◆ Exercise goal ◆
Nothing but the listing below, retyped exactly, should appear in the answer.
----------
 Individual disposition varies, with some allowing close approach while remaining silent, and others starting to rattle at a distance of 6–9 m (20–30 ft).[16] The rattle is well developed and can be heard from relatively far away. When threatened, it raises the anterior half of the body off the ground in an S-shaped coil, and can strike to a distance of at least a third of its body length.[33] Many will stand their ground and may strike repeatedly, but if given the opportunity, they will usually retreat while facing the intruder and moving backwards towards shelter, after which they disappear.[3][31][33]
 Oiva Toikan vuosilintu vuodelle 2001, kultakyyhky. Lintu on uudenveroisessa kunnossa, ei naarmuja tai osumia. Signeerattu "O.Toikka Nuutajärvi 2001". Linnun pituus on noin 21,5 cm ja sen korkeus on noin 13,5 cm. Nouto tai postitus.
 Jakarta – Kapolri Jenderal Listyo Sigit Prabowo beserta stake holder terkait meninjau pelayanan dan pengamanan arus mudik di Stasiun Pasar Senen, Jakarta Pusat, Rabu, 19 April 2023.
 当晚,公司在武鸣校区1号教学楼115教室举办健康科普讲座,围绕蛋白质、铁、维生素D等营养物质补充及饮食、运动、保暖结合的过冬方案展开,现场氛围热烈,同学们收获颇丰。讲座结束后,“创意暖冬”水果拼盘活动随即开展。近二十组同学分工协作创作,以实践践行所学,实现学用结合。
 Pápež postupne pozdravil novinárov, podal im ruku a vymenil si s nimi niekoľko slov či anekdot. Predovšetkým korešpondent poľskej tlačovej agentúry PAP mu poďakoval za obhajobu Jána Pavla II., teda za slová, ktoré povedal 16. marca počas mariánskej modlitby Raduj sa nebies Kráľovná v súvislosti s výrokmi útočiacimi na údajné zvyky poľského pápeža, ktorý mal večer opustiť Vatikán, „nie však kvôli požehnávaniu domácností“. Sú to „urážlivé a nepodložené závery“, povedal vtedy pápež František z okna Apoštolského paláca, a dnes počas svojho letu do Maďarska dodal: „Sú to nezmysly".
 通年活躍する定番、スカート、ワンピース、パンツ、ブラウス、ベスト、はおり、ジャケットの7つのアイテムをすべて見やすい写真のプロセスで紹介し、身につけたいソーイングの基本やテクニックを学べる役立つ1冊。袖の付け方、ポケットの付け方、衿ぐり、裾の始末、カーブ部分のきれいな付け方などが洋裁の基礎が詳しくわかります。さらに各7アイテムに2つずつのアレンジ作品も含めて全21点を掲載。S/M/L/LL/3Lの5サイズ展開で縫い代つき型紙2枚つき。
----------
◆ Exercise solution ◆
 Individual disposition varies, with some allowing close approach while remaining silent, and others starting to rattle at a distance of 6–9 m (20–30 ft).[16] The rattle is well developed and can be heard from relatively far away. When threatened, it raises the anterior half of the body off the ground in an S-shaped coil, and can strike to a distance of at least a third of its body length.[33] Many will stand their ground and may strike repeatedly, but if given the opportunity, they will usually retreat while facing the intruder and moving backwards towards shelter, after which they disappear.[3][31][33]
 Oiva Toikan vuosilintu vuodelle 2001, kultakyyhky. Lintu on uudenveroisessa kunnossa, ei naarmuja tai osumia. Signeerattu "O.Toikka Nuutajärvi 2001". Linnun pituus on noin 21,5 cm ja sen korkeus on noin 13,5 cm. Nouto tai postitus.
 Jakarta – Kapolri Jenderal Listyo Sigit Prabowo beserta stake holder terkait meninjau pelayanan dan pengamanan arus mudik di Stasiun Pasar Senen, Jakarta Pusat, Rabu, 19 April 2023.
 当晚,公司在武鸣校区1号教学楼115教室举办健康科普讲座,围绕蛋白质、铁、维生素D等营养物质补充及饮食、运动、保暖结合的过冬方案展开,现场氛围热烈,同学们收获颇丰。讲座结束后,“创意暖冬”水果拼盘活动随即开展。近二十组同学分工协作创作,以实践践行所学,实现学用结合。
 Pápež postupne pozdravil novinárov, podal im ruku a vymenil si s nimi niekoľko slov či anekdot. Predovšetkým korešpondent poľskej tlačovej agentúry PAP mu poďakoval za obhajobu Jána Pavla II., teda za slová, ktoré povedal 16. marca počas mariánskej modlitby Raduj sa nebies Kráľovná v súvislosti s výrokmi útočiacimi na údajné zvyky poľského pápeža, ktorý mal večer opustiť Vatikán, „nie však kvôli požehnávaniu domácností“. Sú to „urážlivé a nepodložené závery“, povedal vtedy pápež František z okna Apoštolského paláca, a dnes počas svojho letu do Maďarska dodal: „Sú to nezmysly".
 通年活躍する定番、スカート、ワンピース、パンツ、ブラウス、ベスト、はおり、ジャケットの7つのアイテムをすべて見やすい写真のプロセスで紹介し、身につけたいソーイングの基本やテクニックを学べる役立つ1冊。袖の付け方、ポケットの付け方、衿ぐり、裾の始末、カーブ部分のきれいな付け方などが洋裁の基礎が詳しくわかります。さらに各7アイテムに2つずつのアレンジ作品も含めて全21点を掲載。S/M/L/LL/3Lの5サイズ展開で縫い代つき型紙2枚つき。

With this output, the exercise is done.